Let's calculate $\Delta \mathbf{D}$.

Why are we talking about $\Delta\mathbf{D}$? Because $\mathbf{C}_d^{1/2}$, used in the first equation we presented, is calculated using the singular value decomposition (SVD) of $\Delta\mathbf{D}$ (See the intro to SVD notebook!):

$$
\Delta\mathbf{D} = \mathbf{U} \mathbf{\Sigma} \mathbf{V}^T
$$

where $\mathbf{U}$ and $\mathbf{V}$ are orthogonal matrices forming a basis for $\Delta\mathbf{D}$ and $\mathbf{\Sigma}$ is a diagonal matrix with the singular values of $\Delta\mathbf{D}$.


In [None]:
# SVD
U, Sigma, Vt = np.linalg.svd(deltaD, full_matrices=False)
U.shape,Sigma.shape,Vt.shape



From these, we can now calculate the square root of $\mathbf{C}_d$ as:

$$
\mathbf{C}_d^{1/2} = \mathbf{U} \mathbf{\Sigma}
$$

where $\mathbf{\Sigma}^{1/2}$ is a diagonal matrix with the square root of the singular values of $\Delta\mathbf{D}$.

In [None]:
Cd_sqrt = np.dot(U,np.diag(Sigma))

## The model emulator

In DSI, the emulator is nothing more than a linear transformation of the model outputs. The emulator is constructed by projecting the model output ensemble onto the principal components of the covariance matrix of the model outputs. 
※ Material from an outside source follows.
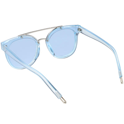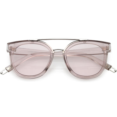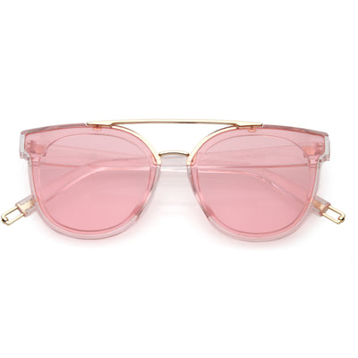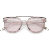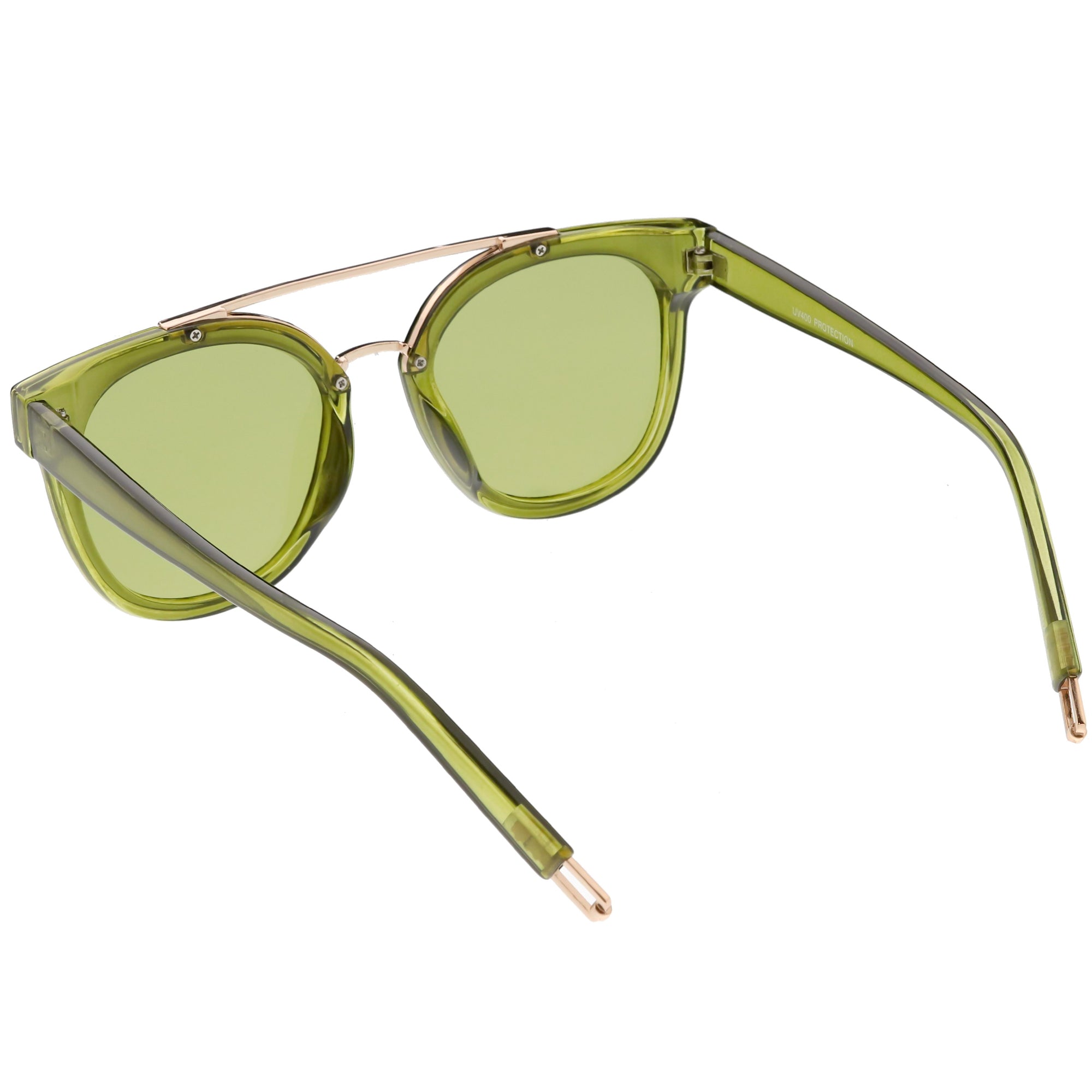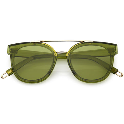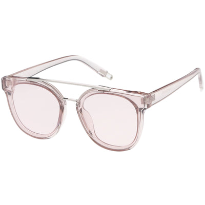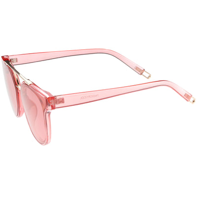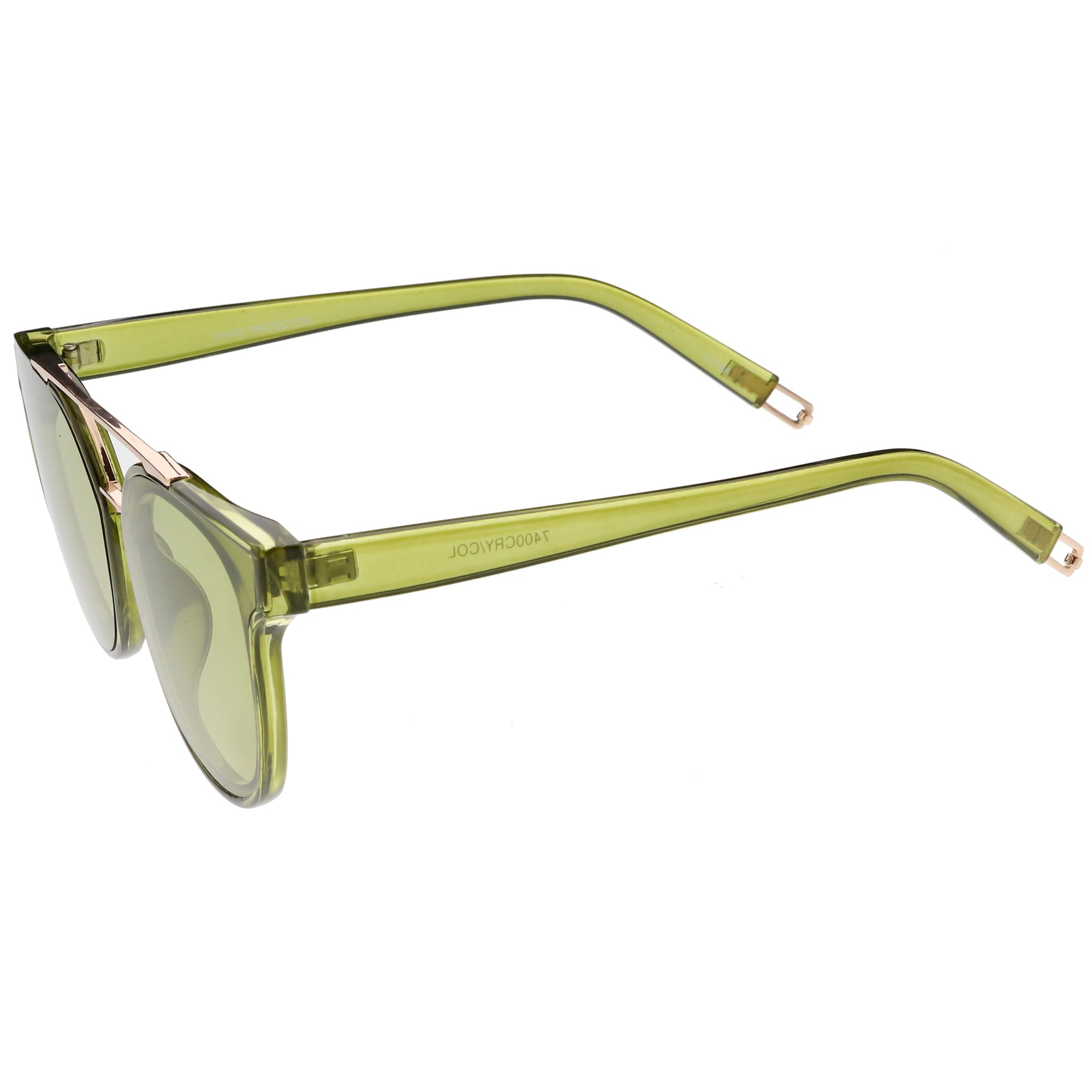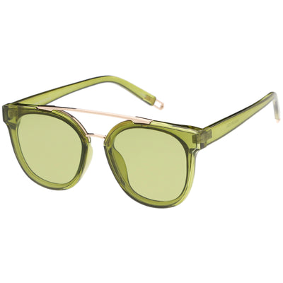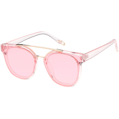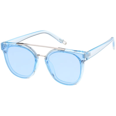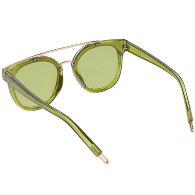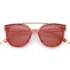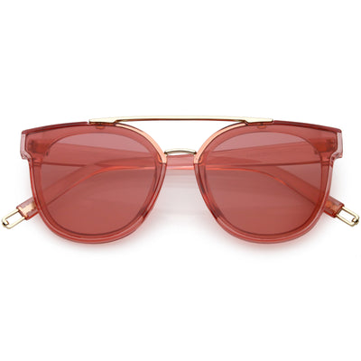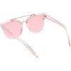 Perfect for Spring and Summer, these horn rimmed sunglasses are designed with translucent colored frames and double metal crossbars. Complete with matching color tinted square lenses and metal accents, these colorful sunglasses are a must-have for festival season. Made with a plastic based frame, reinforced metal hinges, and 100% UV protected lenses.

The model emulator is "run" by calculating $\bar{\mathbf{d}} + \mathbf{C}_d^{1/2} \mathbf{x}$, which is super fast compared to executing a process-based numerical model. The vector $\mathbf{x}$ are referred to as "latent-space parameters" and are so-called "standard-normal" numbers: independent random numbers with mean of zero and variance of 1.0.  Within the DSI history matching workflow, the values of $\mathbf{x}$ will be "PEST adjustable parameters"

In [None]:
# the "prior" mean of emulator "parameters" i.e. the PCA latent-space parameters
x = np.zeros_like(Sigma)
x

So, to execute a "forward run", we just calculate:
$$
\mathbf{d}_{\text{PCA}} = \bar{\mathbf{d}} + \mathbf{C}_d^{1/2} \mathbf{x}
$$

In [None]:
# a model-emulator "forward run"
d_bar.values + np.dot(Cd_sqrt,x), d_bar.values

### But wait, we haven't done anything?
We are starting with these PCA-related "latent-space parameters" all as 0, so we get a trivial result when we run the forward model. But...this formulation gives us an opportunity to "map" from the mean of the observations to new ones, if we just "calibrate" those parameters in a meaningful way. It's like starting with a forward model and a set of parameters with unknown values. If we perform calibration with real observation values, we can learn meaningful values for $\mathbf{x}$. Let's try that!

### Dummy calibration

In practice, how do we handle this with PEST? The $\bar{\mathbf{d}}$ and $\mathbf{C}_d^{1/2}$ matrices are constructed and recorded in the PEST model directory. Then, a forward run script is prepared which reads these matrices, as well as the PEST-adjusted values of the vector $\mathbf{x}$, and calculates the model emulator outputs. 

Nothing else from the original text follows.